Net ve gerçekçi bir açıklama...
Ben de böyle düşünüyorum.
Türkiye’nin önünde sıkıntılar kadar fırsatlar da var.
Herkesin dikkatli ve özenli olması gereken bir yıl...

Haberin Devamı


Kaşka’nın önerisine kulak verelim

EV fiyatları kadar kira fiyatları da arttı. Ama enflasyonist bir ortamda bu gayet normaldi. Dünya gayrimenkul sektöründeki gelişmeleri okuyorum.

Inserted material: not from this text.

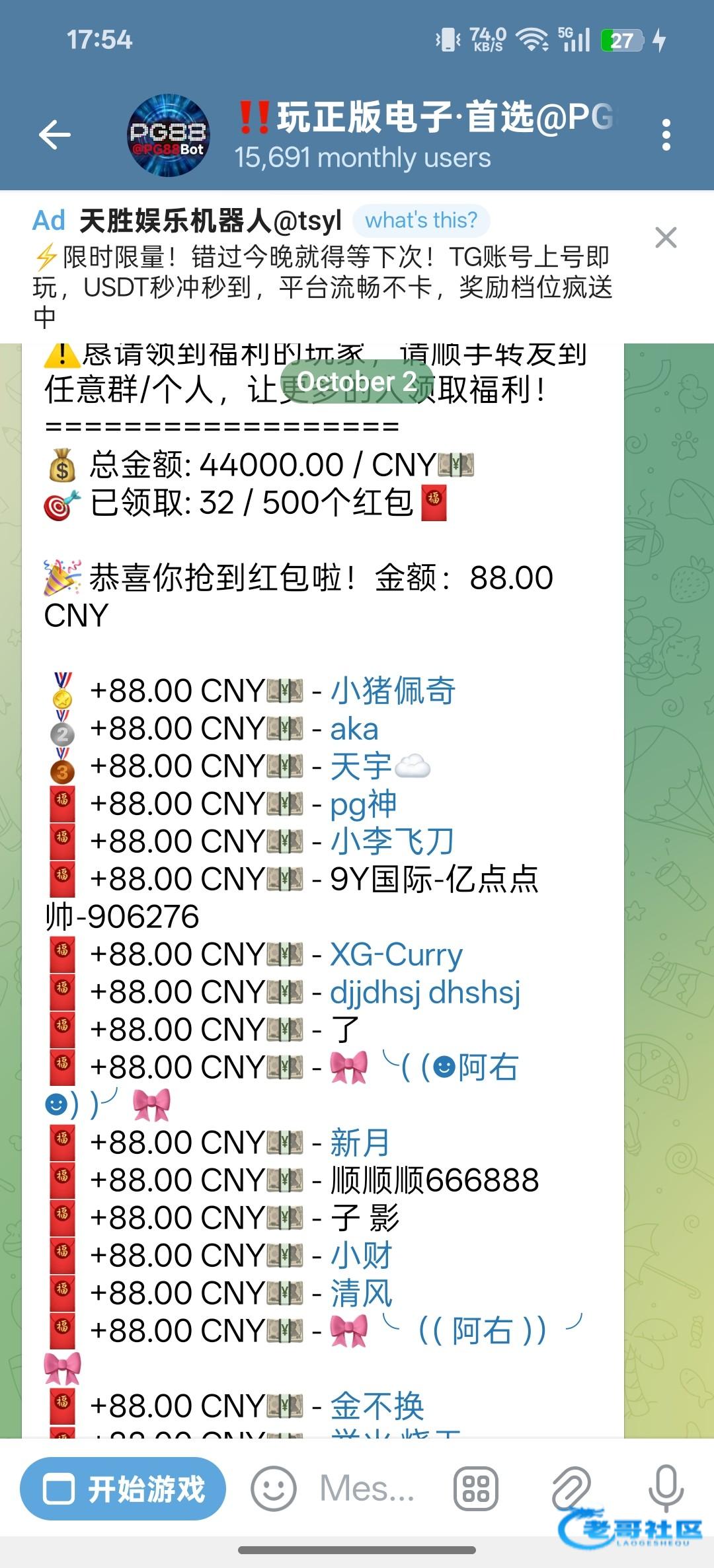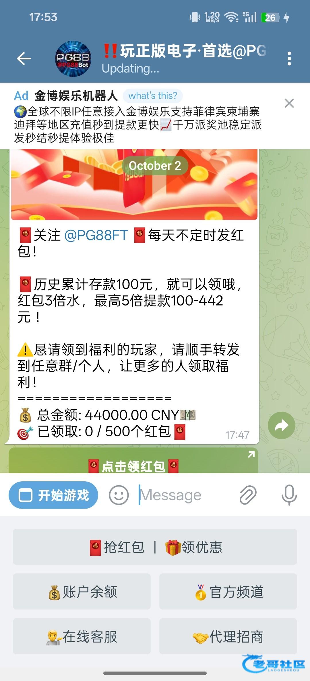 飞机关注pg88机器人,历史充值100+就可以领取,人人88,500个红包先到先得
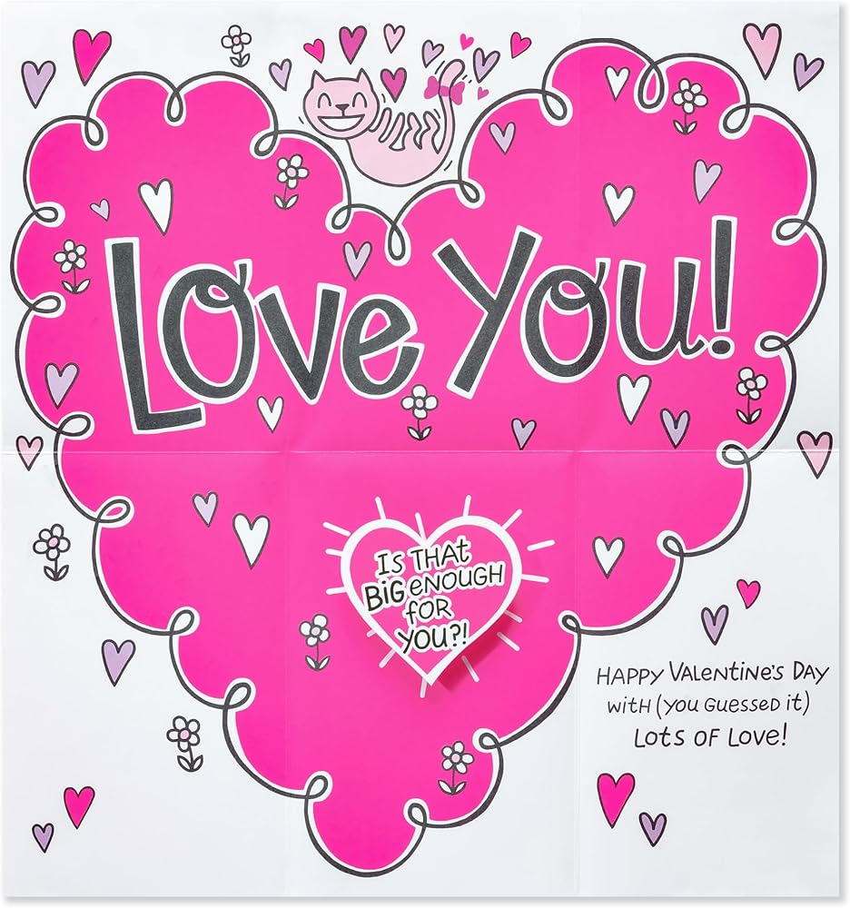 American Greetings Valentine's Day card measures 5.375 in. x 8.25 in. Red envelope included and standard postage required.

Bu fiyat artışları ABD’de de geçerli... Devlet hızlı artan kiralarla ilgili kendine göre önlemler aldı ve artışları yüzde 25 ile sınırlı kıldı. Ama bu çare olmadı. Çünkü ortaya başka sorunlar çıktı. Evsahibi kiracı ilişkileri zedelendi, sorunlar mahkemelere taşındı. Şimdi yargı bu dosya yüküyle başa çıkmaya çalışıyor. Geçenlerde avukat arkadaşım Barış Kaşka’nın önerisini size aktarmıştım. Demişti ki; “Nasıl idari davalar ve nasıl bazı düşük cezalar içeren suçlarda Sulh Ceza Mahkemeleri dosya üzerinden karar veriyorlarsa; tahliye ve kira tespit davalarında da dosya üzerinden karar verilenebilir. İdare ve Sulh Cezada tek duruşma oluyor; bu mutlaka yapılmalı.”
O kadar çok mesaj geldi ki size anlatamam.
Türkiye’nin önünde önemli bir mesele daha var artık...
O da kira meselesi...
Devletlerin ömründe iki, üç yılın hiçbir önemi yok.
Ama evini satmak, kiraya vermek ya da kendi evine geçmek isteyen insanlar için değil yıllar, aylar bile önemli.
Yargının mutlaka bu konuda daha hızlı, radikal kararlar alması gerekir.

Haberin Devamı


Atlas’ın futbol aşkı

OĞLUM Atlas bir futbol tutkunu... Hem oynuyor, hem izliyor, hem de yorumluyor. Daha 11 yaşında ve benim futbol bilgimden çok daha iyi... Ben tuttuğum takımların bile ilk 11’ini sayamıyorum; o bütün takımları ezbere biliyor ve analizler yapıyor. Arda Güler’in Real Madrid’e gitmesini hiç istemedi. Şimdi Ferdi Kadıoğlu’na gelen taleplerden endişeli... Ben de Ferdi’yi çok başarılı buluyorum ve bir süre daha Türkiye’de kalmasını istiyorum. Tabii böyle yıldızlar kolay yetişmiyor. Dünya devleri de kadrolarında görmek istiyor. Gelen teklifler ne kadar iyi olursa olsun Ferdi Kadıoğlu bu sene Fenerbahçe’de kalmalı.